Two tablespoons (32gm) of cashew butter provides 11% of the daily iron requirement. Because of its creamy texture, it makes an excellent complement to a smoothie. The smoothie is also high in plant-based protein. For example, a cup (140gm) portion of frozen raspberries has 6% of the daily iron requirement. Furthermore, spinach is an excellent source of iron and provides other health benefits.
2. Juice of pumpkin
Pumpkin is high in antioxidants and minerals, which boost your general health. Furthermore, pumpkin seeds are one of the richest sources of iron. Although pumpkin seeds can be eaten as a snack, adding them to a smoothie is a delightful way to consume them. Furthermore, you can receive all of the benefits of pumpkin by drinking pumpkin juice.

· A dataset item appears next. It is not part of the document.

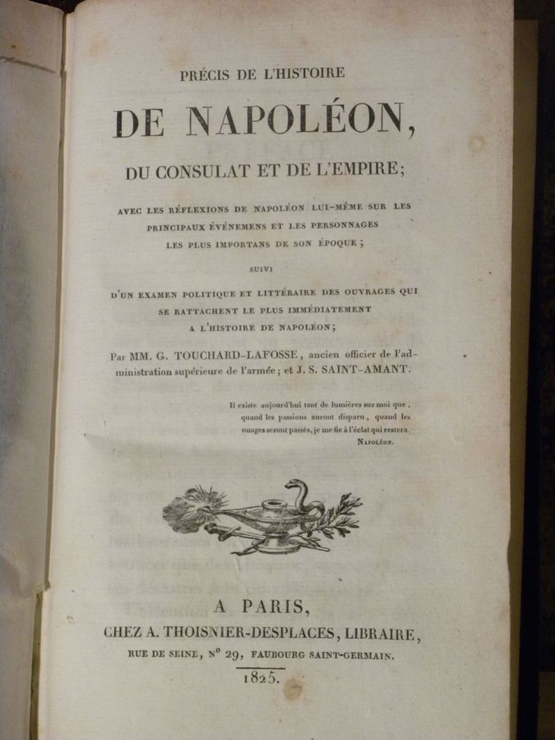 Milano,Pagnoni,s.d. Legature coeve in mezza pelle. In-8°.Due volumi figurati. Nel lotto anche:Gallois,Leonard - Histoire de Napoleon d'apres lui-Meme..Paris,C.Bèchet,1825 e Touchard-Lafosse - Precis de l'histoire de Napoleon,du Consulat et de l'Empire..Paris,Thoisnier,1825. Legature in piena pelle, coeve.

Recommended Also: How Coconut for Diabetic Patients Can Save Your Body from Disease?
3. Smoothie with Flaxseed and Sesame
For generations, people have used flaxseeds for their numerous health benefits. Flax seeds, for example, are high in iron and aid in producing haemoglobin. Furthermore, when ingested regularly, flax seeds aid in strengthening your bones.
Sesame seeds have a pleasant nutty flavour and a high iron content. According to the USDA, one tablespoon of seeds contains 1.31mg of iron and other minerals such as copper. They also include a lot of phosphorus, vitamin E, and zinc.
4. Beetroot Juice
Beetroot is high in various minerals, including folate, manganese, potassium, iron, betaine, and vitamin C. Toxins are removed from the liver with the help of the juice. It also enhances the oxygen use of our red blood cells.
Beetroot includes nutrients that aid in the healing of blood cells. As a result, it boosts the body’s oxygen supply. Iron is included in 0.8mg per 100g of beetroot. To improve your beetroot juice’s flavour and nutrient value, add carrot, orange, or amla toppings.
5. Shakes with Pea Protein
Whey protein powder contains less iron than pea protein powder. A 20gm serving of organic yellow pea protein, for example, provides 30% of the recommended requirement for iron. The same amount of whey protein, on the other hand, only provides 13%. As a result, pea protein powder is a fantastic solution for meeting your iron needs.
Pea protein can be consumed in various ways, including shakes and smoothies. To add iron to drinks, combine it with other iron-rich substances. Consume pea protein that has not been sweetened or flavoured. It aids in the prevention of excessive calorie consumption, which may contribute to weight gain.
Takeaway
It’s important to keep in mind that while juices can be a convenient and tasty way to get your daily dose of iron, they are not a substitute for a well-rounded diet that includes a variety of iron-rich foods, such as red meat, poultry, fish, beans, lentils, and fortified grains. Drinking iron-rich juices regularly can also improve energy levels and cognitive function, as well as help boost immunity. Consulting with a healthcare professional can help determine the right amount of iron for your seeds.